What you will do —
Could you please repeat the entries below word for word, with the images left out?

Entries taken from a collection:

* * * * * * *

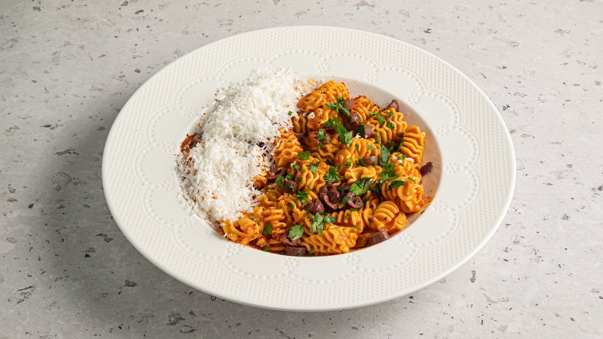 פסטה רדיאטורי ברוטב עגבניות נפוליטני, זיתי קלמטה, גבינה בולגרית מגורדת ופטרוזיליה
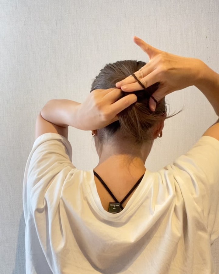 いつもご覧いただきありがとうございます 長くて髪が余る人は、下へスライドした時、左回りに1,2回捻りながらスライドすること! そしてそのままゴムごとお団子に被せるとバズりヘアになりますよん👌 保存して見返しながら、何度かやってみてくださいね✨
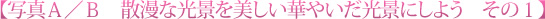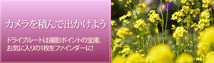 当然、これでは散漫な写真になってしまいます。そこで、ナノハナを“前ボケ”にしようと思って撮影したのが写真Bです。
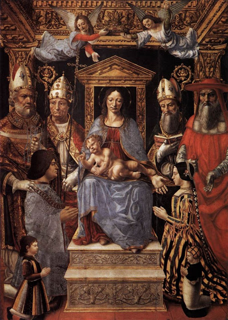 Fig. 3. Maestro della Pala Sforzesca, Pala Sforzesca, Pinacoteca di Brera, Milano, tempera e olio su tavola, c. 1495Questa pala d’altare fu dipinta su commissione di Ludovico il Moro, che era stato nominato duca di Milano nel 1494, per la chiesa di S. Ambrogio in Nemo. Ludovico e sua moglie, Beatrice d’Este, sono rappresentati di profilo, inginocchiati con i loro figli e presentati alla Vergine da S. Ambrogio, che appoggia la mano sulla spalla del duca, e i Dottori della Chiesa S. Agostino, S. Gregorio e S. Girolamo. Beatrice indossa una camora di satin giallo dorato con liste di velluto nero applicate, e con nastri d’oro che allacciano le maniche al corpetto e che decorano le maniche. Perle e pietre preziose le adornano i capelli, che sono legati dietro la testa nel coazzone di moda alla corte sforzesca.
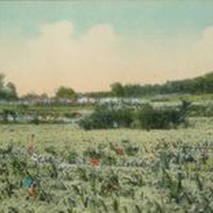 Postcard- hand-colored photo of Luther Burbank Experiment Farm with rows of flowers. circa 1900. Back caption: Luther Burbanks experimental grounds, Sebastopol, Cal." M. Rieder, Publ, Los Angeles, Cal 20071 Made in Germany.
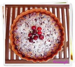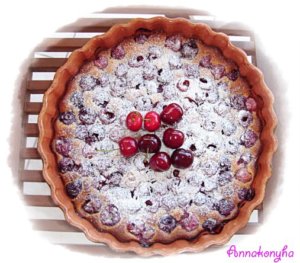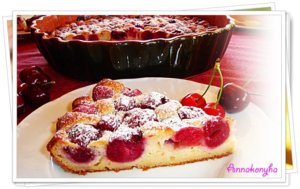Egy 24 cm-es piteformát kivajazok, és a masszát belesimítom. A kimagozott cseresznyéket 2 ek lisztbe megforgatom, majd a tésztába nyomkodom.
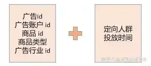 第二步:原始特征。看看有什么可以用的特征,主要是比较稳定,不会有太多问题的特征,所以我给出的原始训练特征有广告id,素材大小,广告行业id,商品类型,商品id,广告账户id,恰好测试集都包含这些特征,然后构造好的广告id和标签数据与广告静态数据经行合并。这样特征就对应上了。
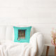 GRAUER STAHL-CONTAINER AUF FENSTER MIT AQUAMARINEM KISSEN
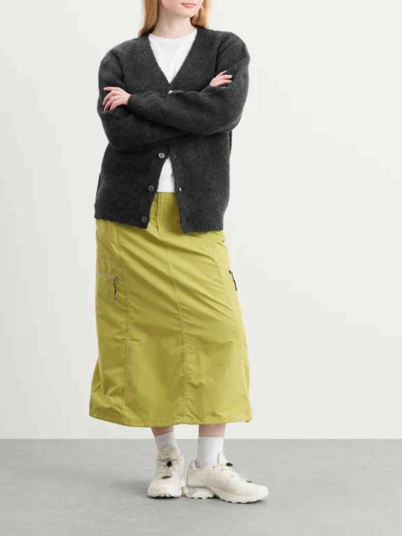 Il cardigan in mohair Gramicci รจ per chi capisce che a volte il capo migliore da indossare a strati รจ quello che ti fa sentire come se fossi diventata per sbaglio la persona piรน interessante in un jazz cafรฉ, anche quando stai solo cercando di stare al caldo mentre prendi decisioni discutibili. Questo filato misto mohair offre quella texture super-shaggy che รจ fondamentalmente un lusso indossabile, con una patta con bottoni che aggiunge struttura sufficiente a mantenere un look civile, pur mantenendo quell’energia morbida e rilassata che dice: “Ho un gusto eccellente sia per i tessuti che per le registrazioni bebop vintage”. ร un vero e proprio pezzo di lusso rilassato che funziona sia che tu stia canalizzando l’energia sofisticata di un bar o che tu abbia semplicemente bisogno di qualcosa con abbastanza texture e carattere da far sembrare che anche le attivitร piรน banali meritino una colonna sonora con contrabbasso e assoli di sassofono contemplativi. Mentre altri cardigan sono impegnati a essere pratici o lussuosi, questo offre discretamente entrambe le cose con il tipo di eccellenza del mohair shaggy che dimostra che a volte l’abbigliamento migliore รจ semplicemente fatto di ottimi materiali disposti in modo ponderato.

* * * * * * *

Answer box —
 פסטה רדיאטורי ברוטב עגבניות נפוליטני, זיתי קלמטה, גבינה בולגרית מגורדת ופטרוזיליה
 いつもご覧いただきありがとうございます 長くて髪が余る人は、下へスライドした時、左回りに1,2回捻りながらスライドすること! そしてそのままゴムごとお団子に被せるとバズりヘアになりますよん👌 保存して見返しながら、何度かやってみてくださいね✨
 当然、これでは散漫な写真になってしまいます。そこで、ナノハナを“前ボケ”にしようと思って撮影したのが写真Bです。
 Fig. 3. Maestro della Pala Sforzesca, Pala Sforzesca, Pinacoteca di Brera, Milano, tempera e olio su tavola, c. 1495Questa pala d’altare fu dipinta su commissione di Ludovico il Moro, che era stato nominato duca di Milano nel 1494, per la chiesa di S. Ambrogio in Nemo. Ludovico e sua moglie, Beatrice d’Este, sono rappresentati di profilo, inginocchiati con i loro figli e presentati alla Vergine da S. Ambrogio, che appoggia la mano sulla spalla del duca, e i Dottori della Chiesa S. Agostino, S. Gregorio e S. Girolamo. Beatrice indossa una camora di satin giallo dorato con liste di velluto nero applicate, e con nastri d’oro che allacciano le maniche al corpetto e che decorano le maniche. Perle e pietre preziose le adornano i capelli, che sono legati dietro la testa nel coazzone di moda alla corte sforzesca.
 Postcard- hand-colored photo of Luther Burbank Experiment Farm with rows of flowers. circa 1900. Back caption: Luther Burbanks experimental grounds, Sebastopol, Cal." M. Rieder, Publ, Los Angeles, Cal 20071 Made in Germany.
Egy 24 cm-es piteformát kivajazok, és a masszát belesimítom. A kimagozott cseresznyéket 2 ek lisztbe megforgatom, majd a tésztába nyomkodom.
 第二步:原始特征。看看有什么可以用的特征,主要是比较稳定,不会有太多问题的特征,所以我给出的原始训练特征有广告id,素材大小,广告行业id,商品类型,商品id,广告账户id,恰好测试集都包含这些特征,然后构造好的广告id和标签数据与广告静态数据经行合并。这样特征就对应上了。
 GRAUER STAHL-CONTAINER AUF FENSTER MIT AQUAMARINEM KISSEN
 Il cardigan in mohair Gramicci รจ per chi capisce che a volte il capo migliore da indossare a strati รจ quello che ti fa sentire come se fossi diventata per sbaglio la persona piรน interessante in un jazz cafรฉ, anche quando stai solo cercando di stare al caldo mentre prendi decisioni discutibili. Questo filato misto mohair offre quella texture super-shaggy che รจ fondamentalmente un lusso indossabile, con una patta con bottoni che aggiunge struttura sufficiente a mantenere un look civile, pur mantenendo quell’energia morbida e rilassata che dice: “Ho un gusto eccellente sia per i tessuti che per le registrazioni bebop vintage”. ร un vero e proprio pezzo di lusso rilassato che funziona sia che tu stia canalizzando l’energia sofisticata di un bar o che tu abbia semplicemente bisogno di qualcosa con abbastanza texture e carattere da far sembrare che anche le attivitร piรน banali meritino una colonna sonora con contrabbasso e assoli di sassofono contemplativi. Mentre altri cardigan sono impegnati a essere pratici o lussuosi, questo offre discretamente entrambe le cose con il tipo di eccellenza del mohair shaggy che dimostra che a volte l’abbigliamento migliore รจ semplicemente fatto di ottimi materiali disposti in modo ponderato.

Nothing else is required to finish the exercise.